Because in-flight means half was written/read and half was not, if the
lo_return was received in the middle then the half that came after was
using the layout information after the Server received an lo_return,
which clearly violates the above.

In any way, at this point in the code you do not have the information of
If the RPCs are in the middle of the transfer, hence defined as in-flight.
Or they are just inside your internal client queues and will be sent clearly
after the lo_return which surly violates the above. (Without the need of
explicit definition of in flight.)

> nor should there
> be in the error case. I get a connection error.

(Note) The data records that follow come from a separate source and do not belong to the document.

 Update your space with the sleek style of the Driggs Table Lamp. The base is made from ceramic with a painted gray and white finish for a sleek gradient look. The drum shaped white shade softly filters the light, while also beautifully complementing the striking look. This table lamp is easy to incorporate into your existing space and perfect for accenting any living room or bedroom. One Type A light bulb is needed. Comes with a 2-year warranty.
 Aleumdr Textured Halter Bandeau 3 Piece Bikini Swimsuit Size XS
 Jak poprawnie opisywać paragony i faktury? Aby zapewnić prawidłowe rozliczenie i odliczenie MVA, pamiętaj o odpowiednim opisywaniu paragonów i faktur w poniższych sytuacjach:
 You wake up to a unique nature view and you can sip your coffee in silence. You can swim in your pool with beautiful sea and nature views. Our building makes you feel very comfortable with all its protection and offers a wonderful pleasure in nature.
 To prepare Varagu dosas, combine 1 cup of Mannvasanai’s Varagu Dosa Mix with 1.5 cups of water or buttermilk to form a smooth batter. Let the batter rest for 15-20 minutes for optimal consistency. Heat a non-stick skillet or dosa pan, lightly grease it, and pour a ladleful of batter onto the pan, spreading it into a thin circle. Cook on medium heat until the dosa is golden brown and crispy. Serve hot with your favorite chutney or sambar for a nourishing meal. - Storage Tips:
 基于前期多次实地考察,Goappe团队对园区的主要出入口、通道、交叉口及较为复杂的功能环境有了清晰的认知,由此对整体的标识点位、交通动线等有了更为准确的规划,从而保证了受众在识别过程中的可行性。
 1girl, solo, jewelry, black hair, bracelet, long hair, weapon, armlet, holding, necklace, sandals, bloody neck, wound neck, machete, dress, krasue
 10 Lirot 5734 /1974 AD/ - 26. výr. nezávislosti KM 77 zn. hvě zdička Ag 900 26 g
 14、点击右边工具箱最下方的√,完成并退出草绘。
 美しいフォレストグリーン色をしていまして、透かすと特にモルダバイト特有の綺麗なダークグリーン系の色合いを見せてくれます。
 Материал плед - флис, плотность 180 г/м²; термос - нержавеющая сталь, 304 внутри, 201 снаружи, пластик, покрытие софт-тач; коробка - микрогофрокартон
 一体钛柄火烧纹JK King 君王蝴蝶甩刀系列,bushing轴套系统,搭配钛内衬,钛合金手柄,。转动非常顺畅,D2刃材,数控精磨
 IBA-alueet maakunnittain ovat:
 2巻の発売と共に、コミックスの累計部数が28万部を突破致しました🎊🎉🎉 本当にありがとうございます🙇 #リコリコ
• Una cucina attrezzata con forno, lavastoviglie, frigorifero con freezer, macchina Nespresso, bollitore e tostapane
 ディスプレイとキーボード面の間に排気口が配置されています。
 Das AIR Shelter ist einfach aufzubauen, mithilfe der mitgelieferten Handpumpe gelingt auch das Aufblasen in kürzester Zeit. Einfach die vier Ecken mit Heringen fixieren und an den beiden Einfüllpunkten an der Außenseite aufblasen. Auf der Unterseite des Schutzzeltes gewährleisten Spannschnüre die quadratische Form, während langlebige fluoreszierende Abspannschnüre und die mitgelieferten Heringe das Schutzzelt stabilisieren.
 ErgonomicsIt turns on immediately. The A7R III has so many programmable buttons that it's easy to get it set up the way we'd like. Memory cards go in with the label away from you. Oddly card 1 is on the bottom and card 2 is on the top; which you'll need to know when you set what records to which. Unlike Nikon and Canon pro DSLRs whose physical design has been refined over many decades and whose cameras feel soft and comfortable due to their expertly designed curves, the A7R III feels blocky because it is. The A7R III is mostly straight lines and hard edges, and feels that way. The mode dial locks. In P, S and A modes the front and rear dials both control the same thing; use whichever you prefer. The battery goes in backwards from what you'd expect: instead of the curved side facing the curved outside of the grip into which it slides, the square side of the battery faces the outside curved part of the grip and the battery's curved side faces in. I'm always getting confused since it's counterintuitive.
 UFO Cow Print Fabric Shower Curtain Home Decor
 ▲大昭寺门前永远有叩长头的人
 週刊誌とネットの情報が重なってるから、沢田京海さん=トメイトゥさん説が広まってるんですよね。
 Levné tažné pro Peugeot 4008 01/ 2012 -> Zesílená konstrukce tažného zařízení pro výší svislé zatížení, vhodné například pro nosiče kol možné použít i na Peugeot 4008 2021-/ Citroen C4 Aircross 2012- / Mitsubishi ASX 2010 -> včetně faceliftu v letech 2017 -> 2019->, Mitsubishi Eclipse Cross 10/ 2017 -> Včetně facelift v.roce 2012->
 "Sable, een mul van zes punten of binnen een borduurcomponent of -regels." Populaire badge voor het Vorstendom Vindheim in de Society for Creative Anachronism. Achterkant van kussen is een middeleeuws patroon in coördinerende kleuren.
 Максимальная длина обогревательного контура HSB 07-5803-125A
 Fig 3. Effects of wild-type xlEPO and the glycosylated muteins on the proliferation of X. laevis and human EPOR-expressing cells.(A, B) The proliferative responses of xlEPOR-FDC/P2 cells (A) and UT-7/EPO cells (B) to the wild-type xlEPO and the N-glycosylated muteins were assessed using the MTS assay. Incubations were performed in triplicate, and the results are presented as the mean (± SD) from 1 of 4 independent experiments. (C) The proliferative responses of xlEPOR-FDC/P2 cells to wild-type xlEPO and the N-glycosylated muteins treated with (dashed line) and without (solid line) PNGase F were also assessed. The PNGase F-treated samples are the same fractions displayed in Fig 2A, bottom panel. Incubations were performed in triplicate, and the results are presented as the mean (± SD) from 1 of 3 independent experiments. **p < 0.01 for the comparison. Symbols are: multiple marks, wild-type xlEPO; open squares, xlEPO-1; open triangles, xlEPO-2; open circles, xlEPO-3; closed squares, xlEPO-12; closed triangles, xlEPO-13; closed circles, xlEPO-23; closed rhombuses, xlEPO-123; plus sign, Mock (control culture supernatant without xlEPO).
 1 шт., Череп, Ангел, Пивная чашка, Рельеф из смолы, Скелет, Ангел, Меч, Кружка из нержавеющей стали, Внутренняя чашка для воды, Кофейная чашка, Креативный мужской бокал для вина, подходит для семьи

Did the i/o's I sent
> get to the data server? 


We should always assume that statistically half was sent and half was not
In any way we will send the all "uncertain range" again.

> The reason to send a LAYOUTRETURN without
> waiting for all the in-flights to return with a connection error is
> precisely to fence any in-flight i/o because I'm resending through
> the MDS.
> 


This is clearly in contradiction of the RFC. And is imposing a Server
behavior that was not specified in RFC.

All started IO to the specified DS will return with "connection error"
pretty fast, right? because the first disconnect probably took a timeout, but
once the socket identified a disconnect it will stay in that state
until a reconnect, right.

So what are you attempting to do, Make your internal client Q drain very fast
since you are going through MDS? But you are doing that by assuming the
Server will fence ALL IO, and not by simply aborting your own Q. Highly unorthodox 
and certainly in violation of above.

> 
>>
>> I was under the impression that only when the last reference
>> on a layout is dropped only then we send the lo_return.
> 
>> If it is not so, this is the proper fix.
> 
>>
>> 1. Mark LO invalid so all new IO waits or goes to MDS
>> 3. When LO ref drops to Zero send the lo_return.
> 
> Yes for the normal case (evict inode for the file layout),

> but not if I'm in an error situation and I want to fence the DS from in-flight i/o.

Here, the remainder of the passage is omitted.